*Try it*
Copy verbatim the block of lines in the entries below whose first line contains "유럽과 미국의 알몸 단단한" and whose last line contains "Apskritimo formos auskarai, kuriuose". Leave out all other lines.

*Provided material*
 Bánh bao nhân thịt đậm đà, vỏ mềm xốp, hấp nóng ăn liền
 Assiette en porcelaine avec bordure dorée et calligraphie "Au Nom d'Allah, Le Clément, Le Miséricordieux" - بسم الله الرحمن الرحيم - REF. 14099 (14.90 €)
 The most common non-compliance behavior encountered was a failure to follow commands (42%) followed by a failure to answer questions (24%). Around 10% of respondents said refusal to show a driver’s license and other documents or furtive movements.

* * *

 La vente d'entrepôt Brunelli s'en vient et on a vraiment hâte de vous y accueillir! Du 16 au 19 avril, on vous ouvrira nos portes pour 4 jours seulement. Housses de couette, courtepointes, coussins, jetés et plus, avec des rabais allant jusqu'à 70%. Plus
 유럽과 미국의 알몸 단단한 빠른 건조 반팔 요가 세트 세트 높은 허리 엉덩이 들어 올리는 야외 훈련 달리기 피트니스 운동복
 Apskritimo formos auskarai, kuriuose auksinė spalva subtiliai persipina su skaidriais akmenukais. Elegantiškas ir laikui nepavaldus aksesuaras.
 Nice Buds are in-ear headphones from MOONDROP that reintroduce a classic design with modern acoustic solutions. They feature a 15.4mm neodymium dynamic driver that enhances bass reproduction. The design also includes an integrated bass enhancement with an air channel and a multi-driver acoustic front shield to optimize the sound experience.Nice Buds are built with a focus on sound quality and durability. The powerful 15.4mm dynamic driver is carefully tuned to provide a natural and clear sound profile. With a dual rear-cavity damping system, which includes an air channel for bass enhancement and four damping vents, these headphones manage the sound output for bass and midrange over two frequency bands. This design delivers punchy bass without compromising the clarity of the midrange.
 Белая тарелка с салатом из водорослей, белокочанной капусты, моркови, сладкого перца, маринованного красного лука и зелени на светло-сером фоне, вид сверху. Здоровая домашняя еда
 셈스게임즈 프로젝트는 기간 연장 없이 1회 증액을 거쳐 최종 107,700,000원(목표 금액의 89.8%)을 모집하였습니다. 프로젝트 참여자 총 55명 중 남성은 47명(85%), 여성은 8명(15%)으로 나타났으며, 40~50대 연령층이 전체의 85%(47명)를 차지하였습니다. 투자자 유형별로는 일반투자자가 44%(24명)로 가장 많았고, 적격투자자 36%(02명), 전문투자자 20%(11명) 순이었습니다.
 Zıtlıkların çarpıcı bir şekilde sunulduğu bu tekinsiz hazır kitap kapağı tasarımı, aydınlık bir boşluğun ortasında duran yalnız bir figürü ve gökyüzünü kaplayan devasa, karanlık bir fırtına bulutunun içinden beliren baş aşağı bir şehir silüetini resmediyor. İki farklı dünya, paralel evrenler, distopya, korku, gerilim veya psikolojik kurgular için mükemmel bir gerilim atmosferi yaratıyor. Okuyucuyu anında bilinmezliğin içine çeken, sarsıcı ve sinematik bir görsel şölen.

*Task solution*
 유럽과 미국의 알몸 단단한 빠른 건조 반팔 요가 세트 세트 높은 허리 엉덩이 들어 올리는 야외 훈련 달리기 피트니스 운동복
 Apskritimo formos auskarai, kuriuose auksinė spalva subtiliai persipina su skaidriais akmenukais. Elegantiškas ir laikui nepavaldus aksesuaras.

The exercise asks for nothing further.